May 18, 2007

British Airways posts 4Q loss

LONDON - British Airways PLC on Friday admitted anticompetitive behavior while posting a net loss for its latest quarter. The airline said it has earmarked 350 million pounds ($690 million) to cover fines that are likely to stem from an investigation into whether senior staff had discussed fuel surcharges on tickets with rivals, after acknowledging "breaches" of policy.

BA reported a net loss of 124 million pounds ($244.5 million) in the fourth quarter, compared to a net profit of 80 million pounds ($157.8 million) a year ago, after threatened cabin crew strikes in January and a new British tax on flights bit into the carrier's bottom line.

Revenue dropped 6 percent to 1.9 billion pounds ($3.8 billion) after thousands of passengers canceled their reservations before the strike was dropped, costing the carrier 80 million pounds ($157.8 million).

BA's stock was down 3.3 percent in midmorning trade on the London Stock Exchange.

BA noted that it had experienced "unprecedented disruption" over the whole year, including several labor disputes and a weaker U.S. dollar. A terrorist alert at Heathrow last summer grounded hundreds of flights and led to higher security costs.

Full-year profit was down 35 percent at 304 million pounds ($599.5 million), despite a 3.4 percent uptick in revenue to 8.5 billion pounds ($16.7 billion).

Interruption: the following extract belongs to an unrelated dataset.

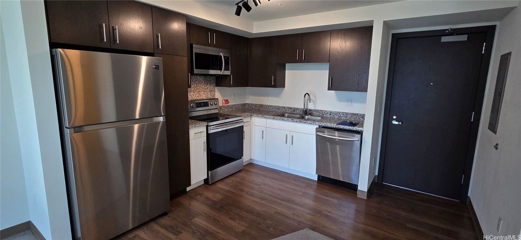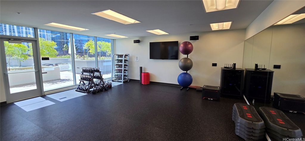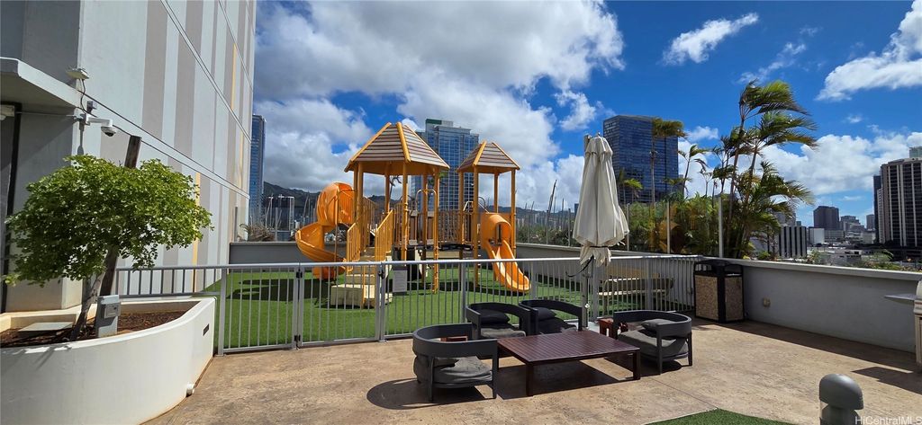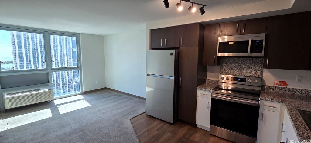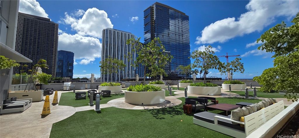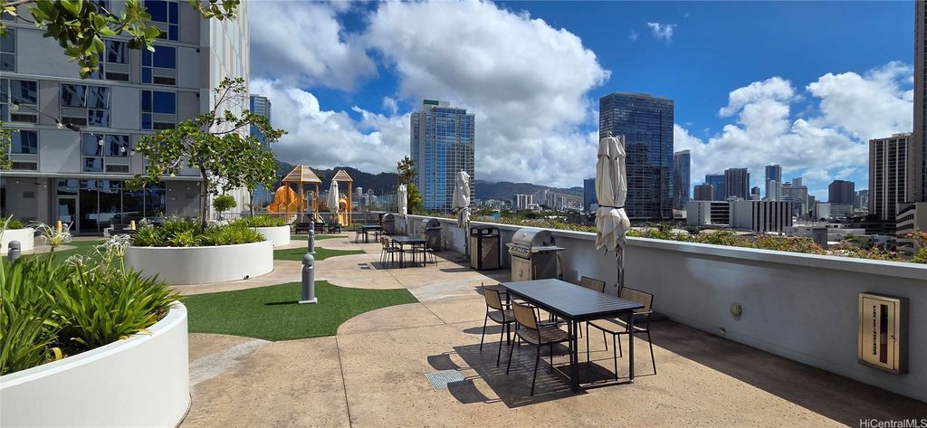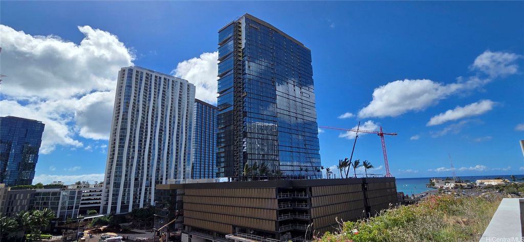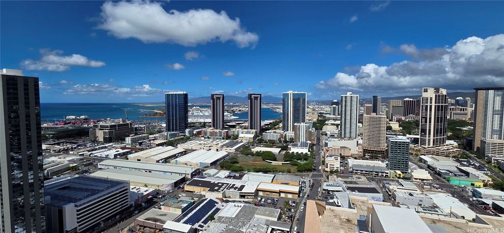 Live the Kaka'ako Lifestyle! 2 bedroom, 2 bath unit with 1 assigned parking stall. Newer Kaka'ako residence with everything you need. This modern secured building features east facing /city and ocean views. Kitchen offers granite countertops, stainless-steel appliances, dishwasher, disposal, range and microwave hood. Air conditioning and big windows keeps the unit bright and cool! Full size washer and dryer in the unit. Building features lots of amenities to include, Gym and Fitness Rooms, recreation rooms, playrooms for children, playground, BBQ area and grills, Meeting, Co-Working Rooms, Cinema, Lounge, Karaoke Rooms and much more! Even enjoys penthouse-like views from the 38th Floor Sky-Lanai! On-site Manager and Security . This home has soo much to offer! Water/sewer included.

The carrier also has further threats looming in the form of fierce competition on its key trans-Atlantic route following the "open skies" agreement to liberalize the allotment of airport slots among international carriers.

"BA seems determined to do things the hard way and today's figures summarize a difficult year," said Richard Hunter, head of UK equities at Hargreaves Lansdown Stockbrokers.

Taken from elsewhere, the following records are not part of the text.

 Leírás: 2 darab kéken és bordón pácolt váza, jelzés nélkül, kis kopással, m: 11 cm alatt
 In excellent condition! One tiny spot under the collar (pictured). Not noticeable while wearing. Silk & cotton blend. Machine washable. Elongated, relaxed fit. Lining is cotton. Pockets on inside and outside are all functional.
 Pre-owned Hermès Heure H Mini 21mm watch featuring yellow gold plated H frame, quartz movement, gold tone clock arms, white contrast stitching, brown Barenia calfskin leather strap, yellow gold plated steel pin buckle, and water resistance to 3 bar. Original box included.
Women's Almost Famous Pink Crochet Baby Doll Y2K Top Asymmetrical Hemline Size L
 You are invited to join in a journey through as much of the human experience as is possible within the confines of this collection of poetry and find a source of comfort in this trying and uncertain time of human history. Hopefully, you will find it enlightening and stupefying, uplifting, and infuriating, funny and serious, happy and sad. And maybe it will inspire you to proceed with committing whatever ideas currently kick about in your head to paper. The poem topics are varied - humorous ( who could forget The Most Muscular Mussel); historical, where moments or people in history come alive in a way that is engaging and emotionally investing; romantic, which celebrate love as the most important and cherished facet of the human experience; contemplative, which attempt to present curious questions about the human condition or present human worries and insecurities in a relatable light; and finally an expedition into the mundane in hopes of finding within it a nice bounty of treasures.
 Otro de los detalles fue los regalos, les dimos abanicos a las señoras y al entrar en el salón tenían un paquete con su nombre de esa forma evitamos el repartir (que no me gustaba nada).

However, Hunter added that the shares had been supported by BA's focus on increasing margins, particularly via its "premium cabin" strategy and the potential offered by the new Terminal 5 at Heathrow Airport, which is due to open in March 2008.

The airline is being investigated by British and U.S. authorities over the allegations of price fixing. If found guilty of breaching antitrust rules, it could be fined either up to 10 percent of sales on its lucrative trans-Atlantic routes or 10 percent of its total group sales.

Two senior executives quit in October after being linked to the investigation. Chief Financial Officer Keith Williams said the investigations were "unlikely to be resolved for some time."

BA also announced that it had placed an order for eight Airbus A320 aircraft, for delivery in 2008-2010, as its renews its short-haul fleet.